Make in India: US heavy machinery maker Caterpillar bullish on India, in contrast to its global outlook
The global heavy machinery industry is going through a rough patch as industrial demand has been muted and mining activity has slowed down.

MUMBAI: US heavy machinery maker Caterpillar is bullish on India, in sharp contrast to its outlook of the global markets, where it has closed 20 plants and slashed workforce to reduce costs amid a deepening slowdown.
The global heavy machinery industry is going through a rough patch as industrial demand has been muted and mining activity has slowed down. Softening commodity prices have only made matters worse.
India, too, has seen a slowdown in the equipment industry as projects got derailed, but Caterpillar’s India head says the country is now bucking the trend. “Globally, there’s a significant slowing of demand, especially for mining products, leading to capacity consolidation. India is the only bright spot that offers significant opportunity,” Vivekanand Vanmeeganathan, managing director, Caterpillar India, told ET. The company has invested $500 million in setting up manufacturing units in India. While it’s bullish on India, it doesn’t have any new investment plans.
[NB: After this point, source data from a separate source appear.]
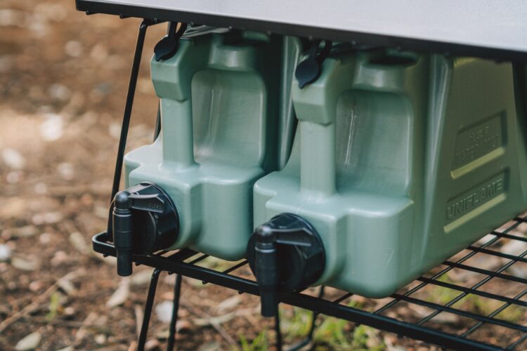 หมดปัญหาเรื่องถังน้ำเลื่อนตกหรือขยับไปมาเวลาเปิดก๊อก ตัวถังมาในสีเขียว Khaki Green สุดคลาสสิกที่เข้ากับชุดอุปกรณ์แคมป์ปิ้งสาย Military หรือ Earth Tone ได้อย่างลงตัว มีหูหิ้วในตัว แข็งแรงทนทาน และใช้งานง่าย
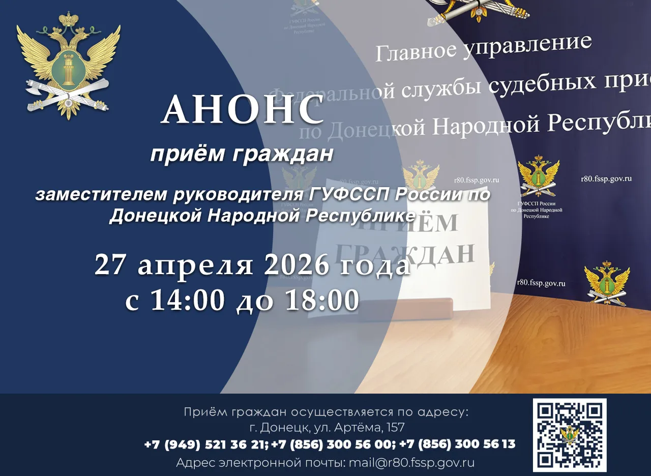 Заместителем руководителя Главного управления Федеральной службы судебных приставов по Донецкой Народной Республике – заместителем главного судебного пристава Донецкой Народной Республики осуществляется приём граждан по вопросам деятельности органов дознания и обеспечения установленного порядка деятельности судов.
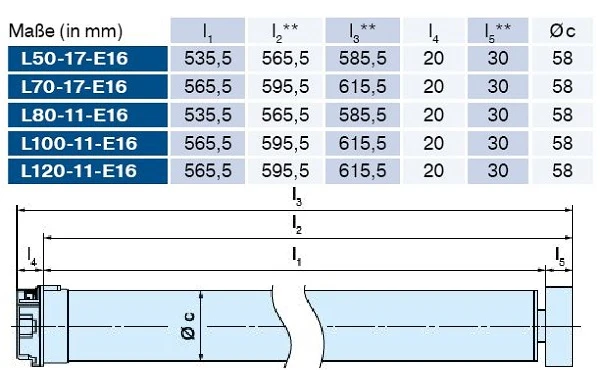 ** Mitnehmerbreite von DW78N (4931 300 365 0) , bei Wahl eines anderen Mitnehmers ändern sich die Maße l2, l3 und l5
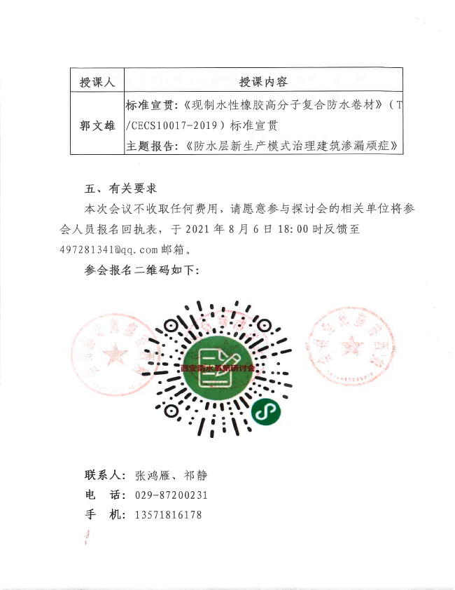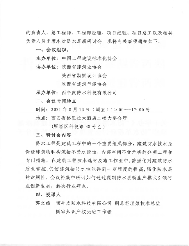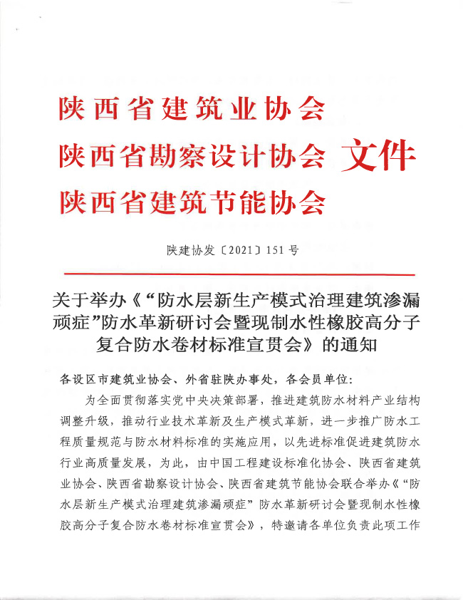 关于举办《“防水层新生产模式治理建筑渗漏顽症”防水革新研讨会暨现制水性橡胶高分子复合防水卷材标准宣贯会》的通知
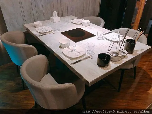 大理石紋的長桌奢華又唯美,空氣中流動著網美氛圍,讓人一坐下就優雅了起來。
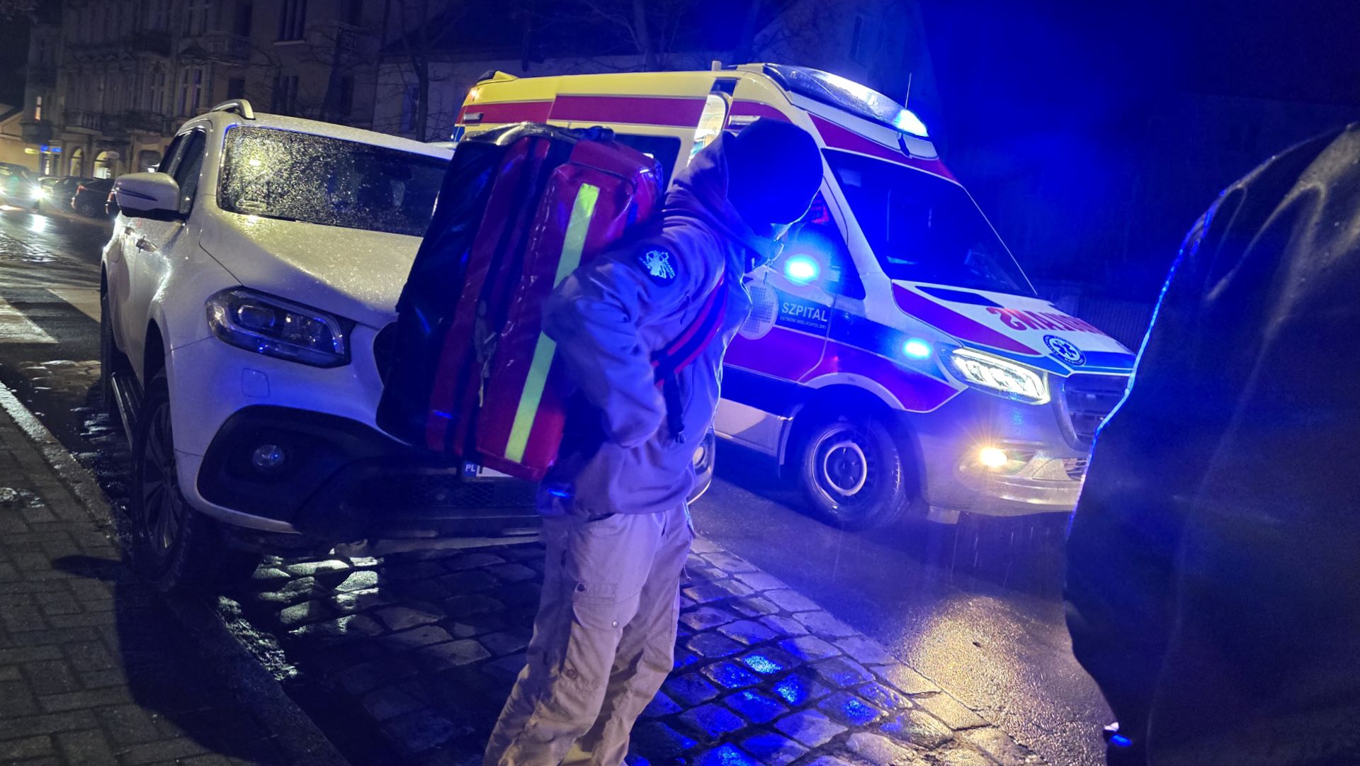 Na miejsce wypadku natychmiast przybyli ratownicy z grupy poszukiwawczo-ratowniczej, którzy zabezpieczyli poszkodowanego. Mężczyzna skarżył się na ból biodra, co wskazuje na możliwość poważniejszych obrażeń. Wkrótce na miejscu pojawił się także patrol drogówki oraz karetka pogotowia, która zajęła się poszkodowanym.
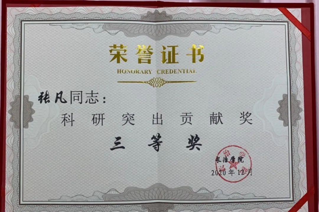 此外,我系张凡老师荣获科研突出贡献三等奖,郝瑞宇、何春乐、赵波老师荣获优秀科技工作者称号。

“Due to the global meltdown, everyone has excess capacity. The first thought is that we should not be investing too much until utilisation of capacity reaches an optimal level. Now with the government’s push, we feel industry will gain momentum and reach optimal utilisation, going ahead,” he said.
The company is present in three broad businesses in India — resource industry, which primarily refers to mining, construction industry and energy. The group’s global revenue was $47 billion last year, with the three businesses contributing equally.